What the exercise asks:
For every record that follows, write out the text exactly and omit the picture, if one is present.

Records contained in a dataset:
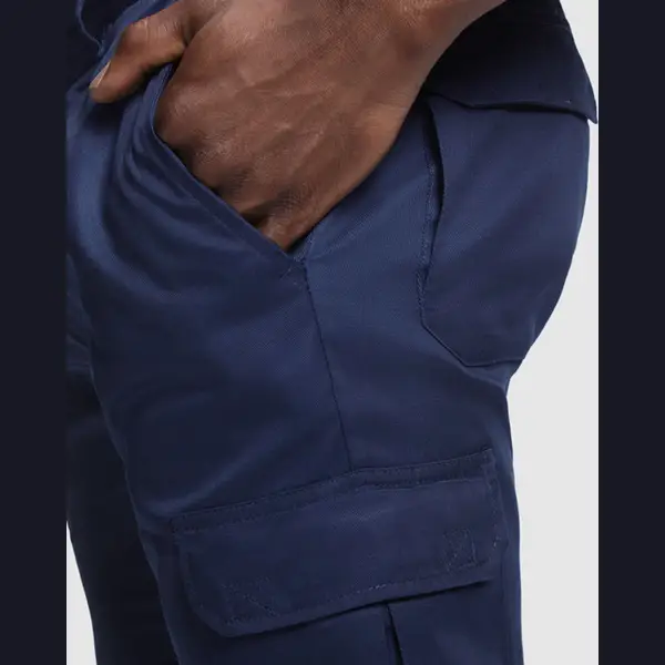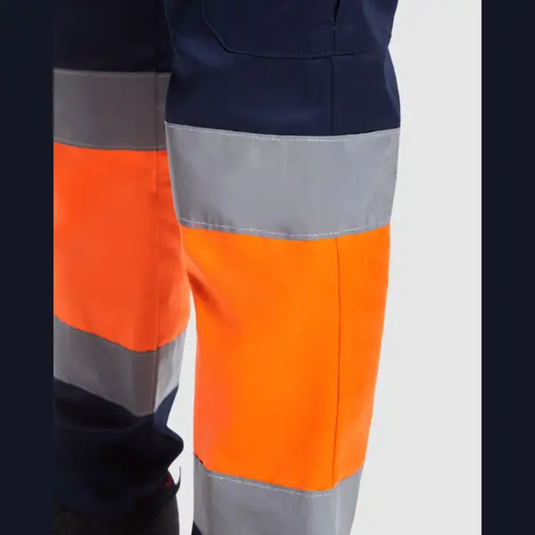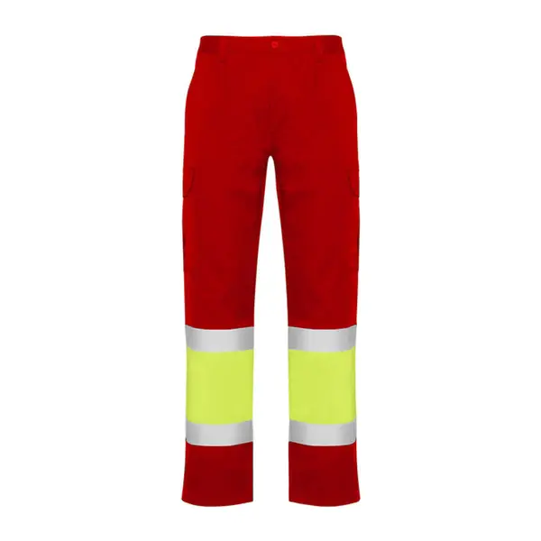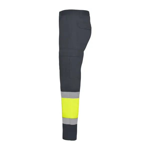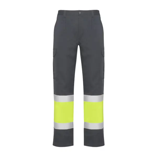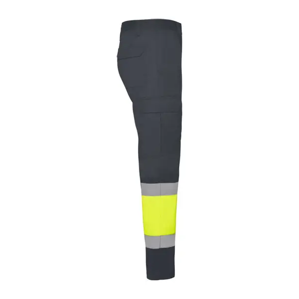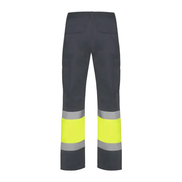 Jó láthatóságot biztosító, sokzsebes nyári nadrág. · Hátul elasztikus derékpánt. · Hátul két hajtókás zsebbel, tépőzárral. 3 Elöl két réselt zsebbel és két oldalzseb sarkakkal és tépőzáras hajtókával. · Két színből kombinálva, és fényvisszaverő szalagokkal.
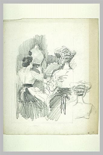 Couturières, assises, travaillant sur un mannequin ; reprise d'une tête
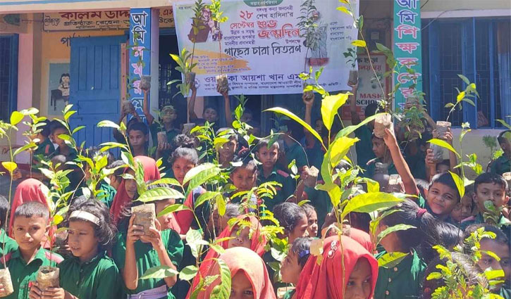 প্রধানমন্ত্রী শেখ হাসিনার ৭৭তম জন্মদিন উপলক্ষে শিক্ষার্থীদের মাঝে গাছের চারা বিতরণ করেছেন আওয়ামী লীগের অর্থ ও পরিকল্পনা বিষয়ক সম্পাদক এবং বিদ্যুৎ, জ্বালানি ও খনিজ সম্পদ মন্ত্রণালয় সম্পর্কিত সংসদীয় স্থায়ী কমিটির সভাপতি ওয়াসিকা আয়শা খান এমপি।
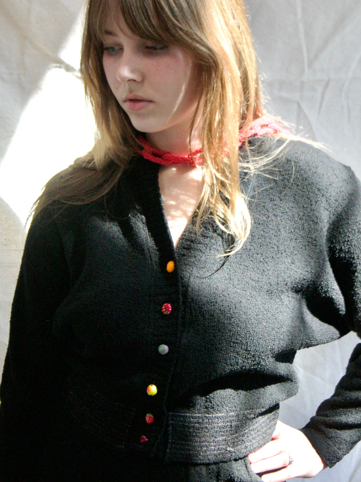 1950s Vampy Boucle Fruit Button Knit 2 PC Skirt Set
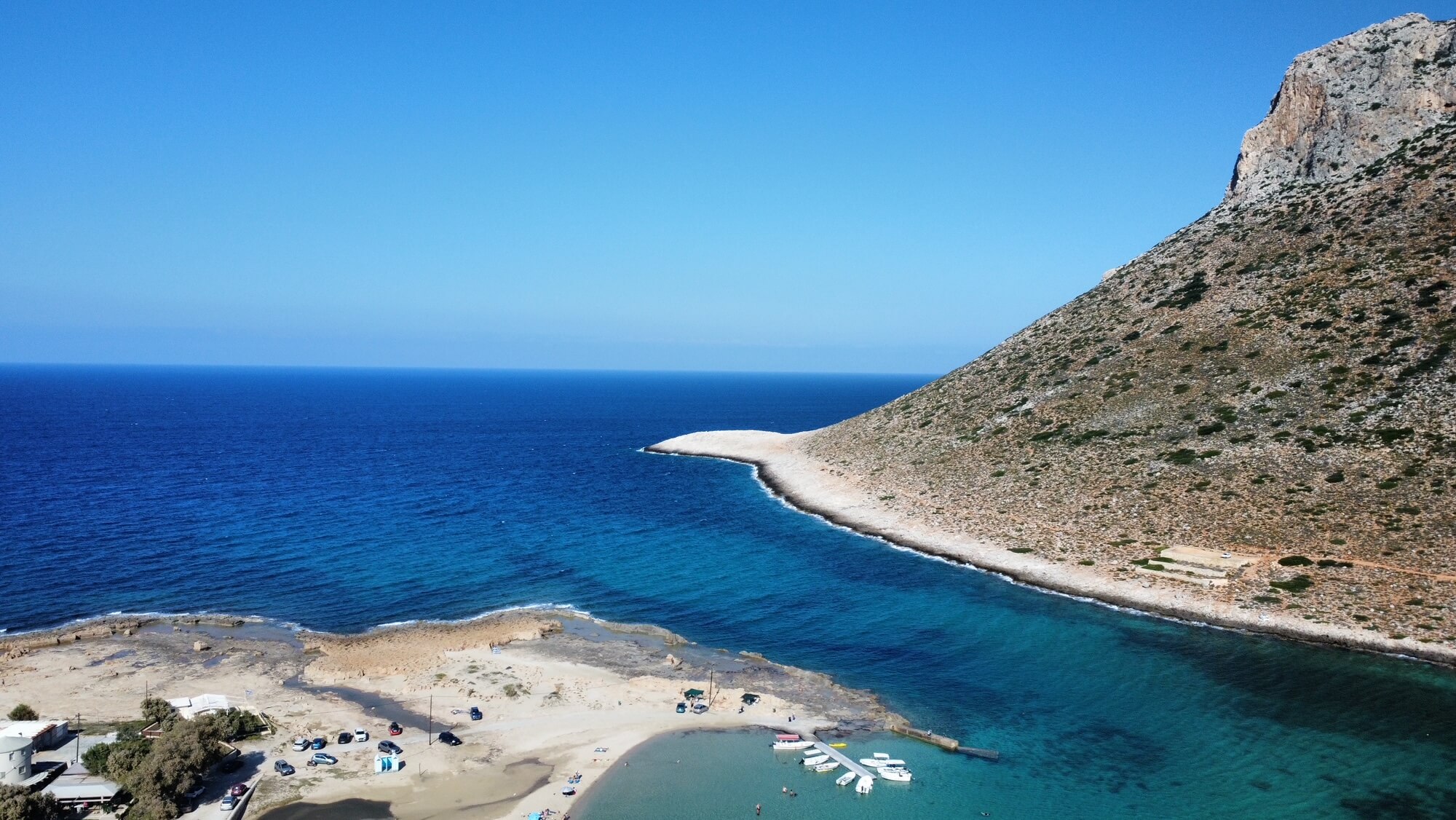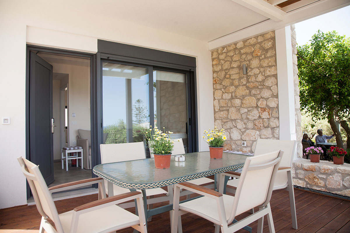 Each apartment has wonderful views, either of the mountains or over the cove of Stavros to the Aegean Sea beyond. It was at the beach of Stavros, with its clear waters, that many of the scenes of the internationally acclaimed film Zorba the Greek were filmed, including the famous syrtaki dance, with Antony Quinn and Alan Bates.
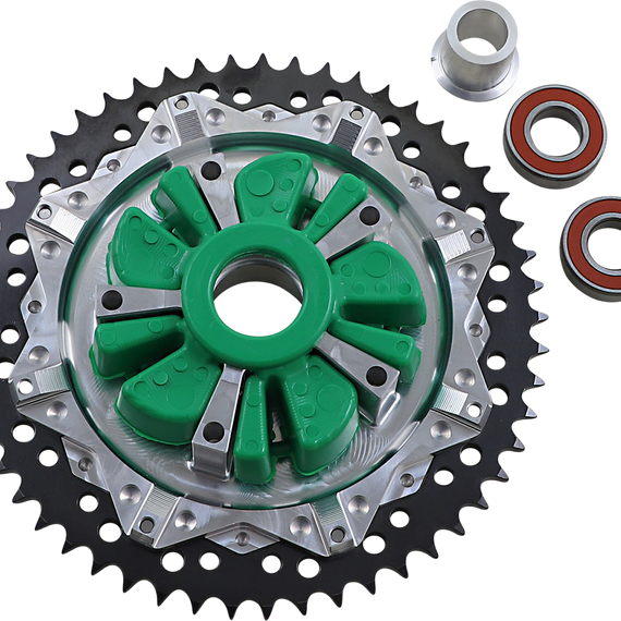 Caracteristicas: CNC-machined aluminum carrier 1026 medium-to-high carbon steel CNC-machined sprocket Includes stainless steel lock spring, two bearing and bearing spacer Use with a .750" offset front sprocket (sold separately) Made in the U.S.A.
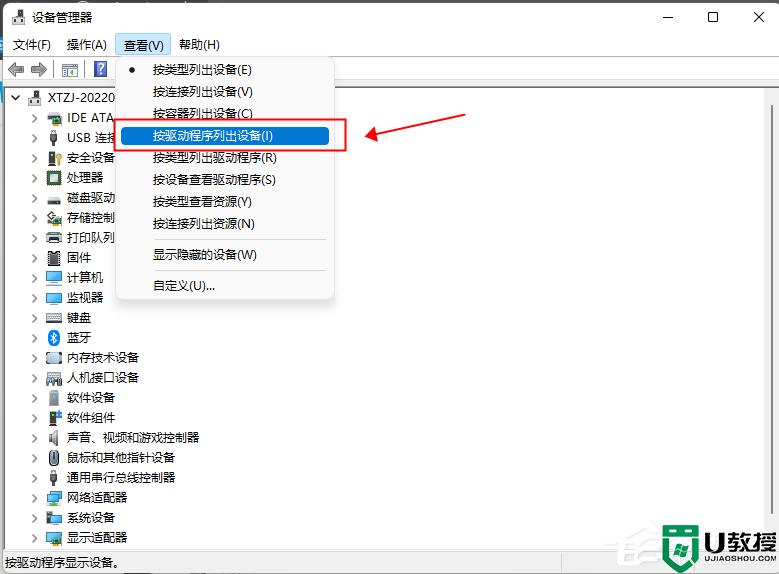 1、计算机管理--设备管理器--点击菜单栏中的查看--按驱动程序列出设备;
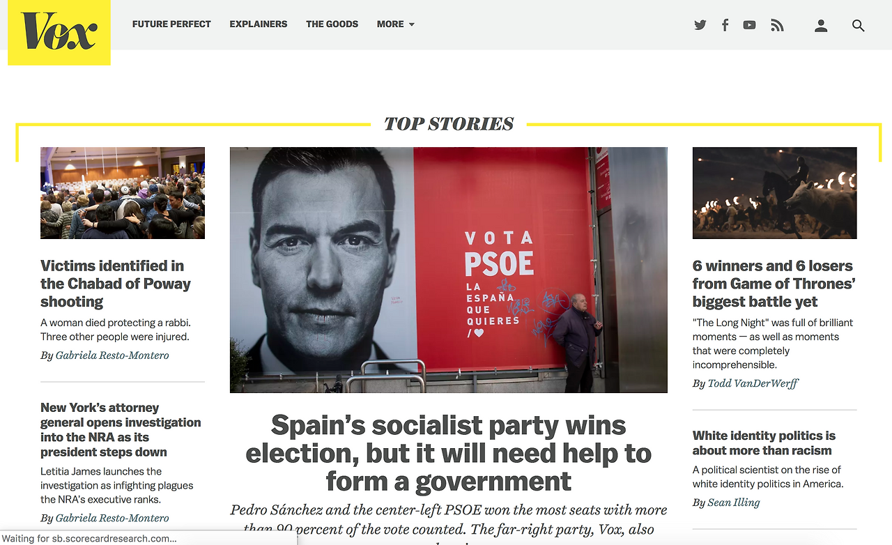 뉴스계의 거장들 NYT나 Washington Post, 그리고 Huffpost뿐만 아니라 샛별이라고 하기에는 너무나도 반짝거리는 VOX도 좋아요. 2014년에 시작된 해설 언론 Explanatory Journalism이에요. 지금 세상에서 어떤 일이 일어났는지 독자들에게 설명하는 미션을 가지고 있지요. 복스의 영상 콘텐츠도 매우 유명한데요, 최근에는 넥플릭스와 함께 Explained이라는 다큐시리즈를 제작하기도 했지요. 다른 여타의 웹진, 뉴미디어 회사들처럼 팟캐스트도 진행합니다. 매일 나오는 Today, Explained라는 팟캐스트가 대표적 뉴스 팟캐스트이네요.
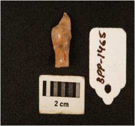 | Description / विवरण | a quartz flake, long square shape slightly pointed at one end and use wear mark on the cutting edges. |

Output of the task:
 Jó láthatóságot biztosító, sokzsebes nyári nadrág. · Hátul elasztikus derékpánt. · Hátul két hajtókás zsebbel, tépőzárral. 3 Elöl két réselt zsebbel és két oldalzseb sarkakkal és tépőzáras hajtókával. · Két színből kombinálva, és fényvisszaverő szalagokkal.
 Couturières, assises, travaillant sur un mannequin ; reprise d'une tête
 প্রধানমন্ত্রী শেখ হাসিনার ৭৭তম জন্মদিন উপলক্ষে শিক্ষার্থীদের মাঝে গাছের চারা বিতরণ করেছেন আওয়ামী লীগের অর্থ ও পরিকল্পনা বিষয়ক সম্পাদক এবং বিদ্যুৎ, জ্বালানি ও খনিজ সম্পদ মন্ত্রণালয় সম্পর্কিত সংসদীয় স্থায়ী কমিটির সভাপতি ওয়াসিকা আয়শা খান এমপি।
 1950s Vampy Boucle Fruit Button Knit 2 PC Skirt Set
 Each apartment has wonderful views, either of the mountains or over the cove of Stavros to the Aegean Sea beyond. It was at the beach of Stavros, with its clear waters, that many of the scenes of the internationally acclaimed film Zorba the Greek were filmed, including the famous syrtaki dance, with Antony Quinn and Alan Bates.
 Caracteristicas: CNC-machined aluminum carrier 1026 medium-to-high carbon steel CNC-machined sprocket Includes stainless steel lock spring, two bearing and bearing spacer Use with a .750" offset front sprocket (sold separately) Made in the U.S.A.
 1、计算机管理--设备管理器--点击菜单栏中的查看--按驱动程序列出设备;
 뉴스계의 거장들 NYT나 Washington Post, 그리고 Huffpost뿐만 아니라 샛별이라고 하기에는 너무나도 반짝거리는 VOX도 좋아요. 2014년에 시작된 해설 언론 Explanatory Journalism이에요. 지금 세상에서 어떤 일이 일어났는지 독자들에게 설명하는 미션을 가지고 있지요. 복스의 영상 콘텐츠도 매우 유명한데요, 최근에는 넥플릭스와 함께 Explained이라는 다큐시리즈를 제작하기도 했지요. 다른 여타의 웹진, 뉴미디어 회사들처럼 팟캐스트도 진행합니다. 매일 나오는 Today, Explained라는 팟캐스트가 대표적 뉴스 팟캐스트이네요.
 | Description / विवरण | a quartz flake, long square shape slightly pointed at one end and use wear mark on the cutting edges. |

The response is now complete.